A audiência atingiu seu ponto mais baixo, e o fantasma do cancelamento, que agora parecia inevitável, voltou a assombrar a produção. Felizmente a qualidade dos roteiros melhorou, e a temporada nos brindou com alguns dos melhores episódios de toda a série, que foram deixando para trás a questão da nova e estranha linha temporal. Tivemos até a volta de um dos melhores vilões recorrentes do programa, David Robert Jones (Jared Harris), que havia aparecido pela última vez na primeira temporada. E chegamos então ao episódio “Letters of Transit”, uma amostra dos realizadores ao público dos rumos que a série tomaria caso não fosse cancelada. Ele se passa totalmente no ano de 2036, 21 anos após os Observadores terem assumido o controle da sociedade humana. Walter, Peter, Olivia e Astrid, que estavam em animação suspensa, são reanimados com a ajuda de dois agentes da Divisão Fringe para enfrentarem os Observadores. Um deles é Etta (Georgina Haig), ninguém menos que a filha adulta de Peter e Olivia. Os dois episódios finais encerraram de forma satisfatória o arco de William Bell e prepararam o terreno  para o mundo que antevimos em “Letters of Transit”. Pela primeira vez uma temporada de FRINGE não terminou com um cliffhanger, já que havíamos chegado ao fim. Mas eis que…

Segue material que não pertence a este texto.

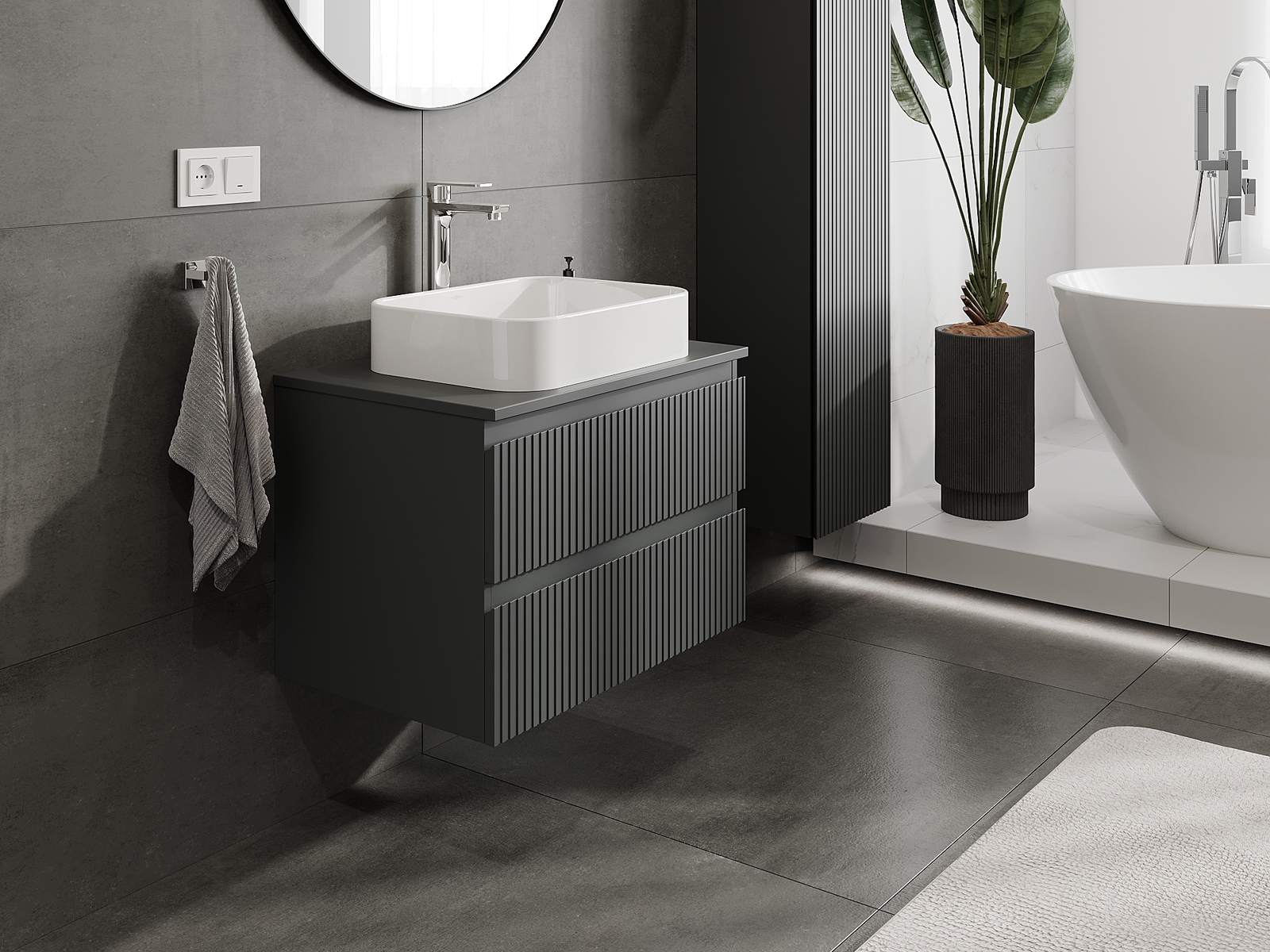 Våra modulära badrumsmöbler kan kombineras i olika färgkonfigurationer, vilket möjliggör fullständig personalisering. Du kan välja både utseende och funktioner för respektive delar, vilket gör att möblerna kan anpassas till dina egna stilistiska och funktionella preferenser.

No “apagar das luzes” a Fox entrou em acordo com a Warner Bros. Television, que produzia a série juntamente com a Bad Robot, e renovou FRINGE para sua quinta e última temporada, que teve apenas 13 episódios (as demais tiveram 20, 23, 22 e 22, respectivamente) – suficientes para que fossem atingidos os 100 necessários para entrar no sistema de syndication. A temporada foi feita sob medida para o nicho de audiência que permaneceu fiel desde o início, e apesar de não ser isenta de falhas sem dúvida é bem melhor que a anterior. Com menos episódios e focada na mitologia da série, FRINGE ficou mais parecida com uma produção atual feita para a TV paga ou streaming. A temporada já inicia direto no mundo que vimos em “Letters of Transit”, dando aos espectadores um quadro mais detalhado da invasão dos Observadores. A personagem de Etta foi aprofundada, tornando-se uma peça-chave para a conexão dos velhos personagens a este futuro.

Jasika Nicole como Astrid

Mas nem tudo são flores, e mesmo entre o número reduzido de episódios, alguns da primeira metade da temporada são quase descartáveis. Felizmente as coisas ficam mais impactantes a partir da morte de Etta, o que deixa a família Bishop de luto e dá ao movimento de resistência uma mártir. Peter ganha as habilidades de um Observador, Nina se sacrifica em grande estilo e temos uma engenhosa ligação com uma trama da primeira temporada, quando o garoto Observador, Michael, reaparece e redefine o que pensávamos sobre a série. O grande final em duas partes, onde mais uma vez a equipe usa os recursos do laboratório de Walter para se infiltrar no QG dos Observadores, é cheio de referências a episódios e tramas anteriores. Ele finalmente conclui a série, depois de muitas atribulações, de forma satisfatória e adequada, mas ainda deixa algumas pontas soltas e perguntas não respondidas que incluem, obviamente, as questões do paradoxo da linha de tempo e outras coisas que aparentemente os roteiristas esqueceram. Mas daí também podemos perguntar, porque responder ou resolver tudo? Não é melhor deixar algo para exercitar o raciocínio do espectador?

FRINGE encerrou sua jornada em 2013, sem nunca ter atingido a fama ou mesmo a memória afetiva de ARQUIVO X (que aliás também teve seus altos e baixos, em especial nas duas temporadas do revival). Certamente algumas de suas decisões narrativas fizeram com que muitos abandonassem o programa, mas hoje esta admirável série ainda é cultuada por muitos fãs de ficção científica que souberam apreciar sua proposta. Ela foi exibida no Brasil pelo canal pago Warner e pelo SBT, além de ter sido lançada em DVD, sendo uma temporada também em Blu-ray. Atualmente suas cinco temporadas estão no catálogo do streaming Globoplay, com o título de Fronteiras.